US 12,229,656 B2
Method and apparatus for performing convolution operation for optimizing arithmetic intensity of device
Shin Kook Choi, Seoul (KR); and Jun Kyeong Choi, Seoul (KR)
Assigned to NOTA, INC., Daejeon (KR)
Filed by NOTA, INC., Daejeon (KR)
Filed on Jul. 19, 2023, as Appl. No. 18/355,008.
Claims priority of application No. 10-2022-0089835 (KR), filed on Jul. 20, 2022; and application No. 10-2022-0157421 (KR), filed on Nov. 22, 2022.

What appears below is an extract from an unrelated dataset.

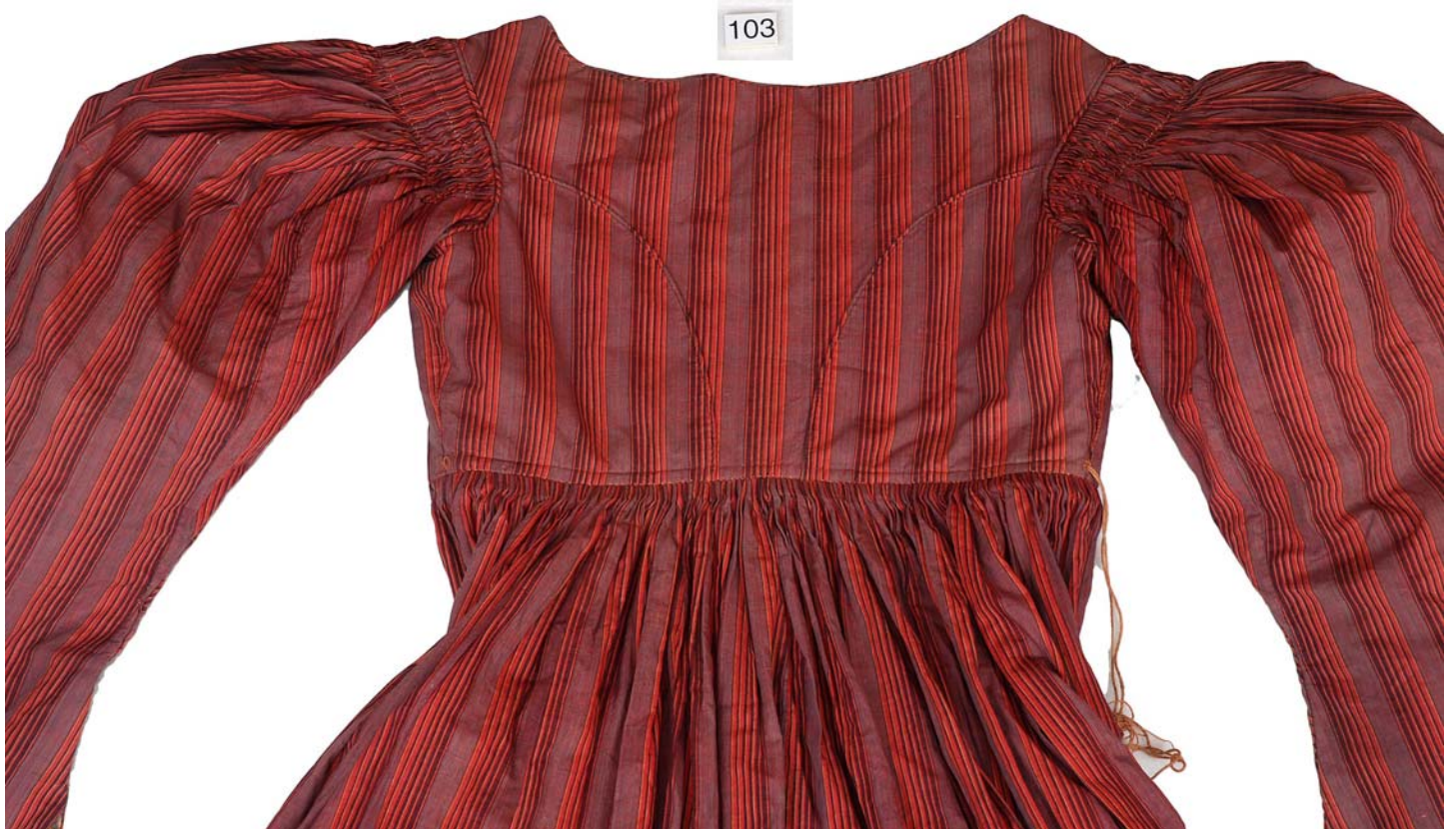
MED SKÆG OG PANDEPUDE VENDELBOTØJ, HOVEDSAGELIG FRA ØSTVENDSYSSEL CA. 1780 – CA. 1850.

Prior Publication US 2024/0028875 A1, Jan. 25, 2024
Int. Cl. G06N 3/0464 (2023.01)
CPC G06N 3/0464 (2023.01) 20 Claims
OG exemplary drawing
 
1. A method of performing a convolution operation in a neural network, which is performed by an apparatus, the method comprising:
receiving input data; and
generating output data through a convolution model of the neural network for a device, by using the input data,
wherein the convolution model comprises a plurality of convolutional layers, a first reshape layer,
wherein the plurality of convolutional layers comprise an improved first convolutional layer that satisfies preset conditions related to latency characteristics of the device,
wherein the improved first convolutional layer is a layer obtained by-modifying a first convolutional layer, which performs a first convolution operation on an input feature map, using a base filter, to include a modified filter modified from the base filter of the first convolutional layer based on a predetermined final division value, and to perform a second convolution operation on a first feature map, which is modified by dividing the input feature map based on a predetermined final division value,
wherein the first reshape layer is positioned before the improved first convolution layer and modifies the input feature map to generate the first feature map having an increased spatial size and a reduced number of input channels according to the final division value, compared to the input feature map, wherein the improved first convolutional layer performs the second convolution operation on the first feature map, using the modified filter, sharing weights of the modified filter over the first feature map, and
wherein the final division value is determined by considering the latency characteristics such that an overall arithmetic intensity of the improved first convolutional layer is increased compared to the first convolutional layer.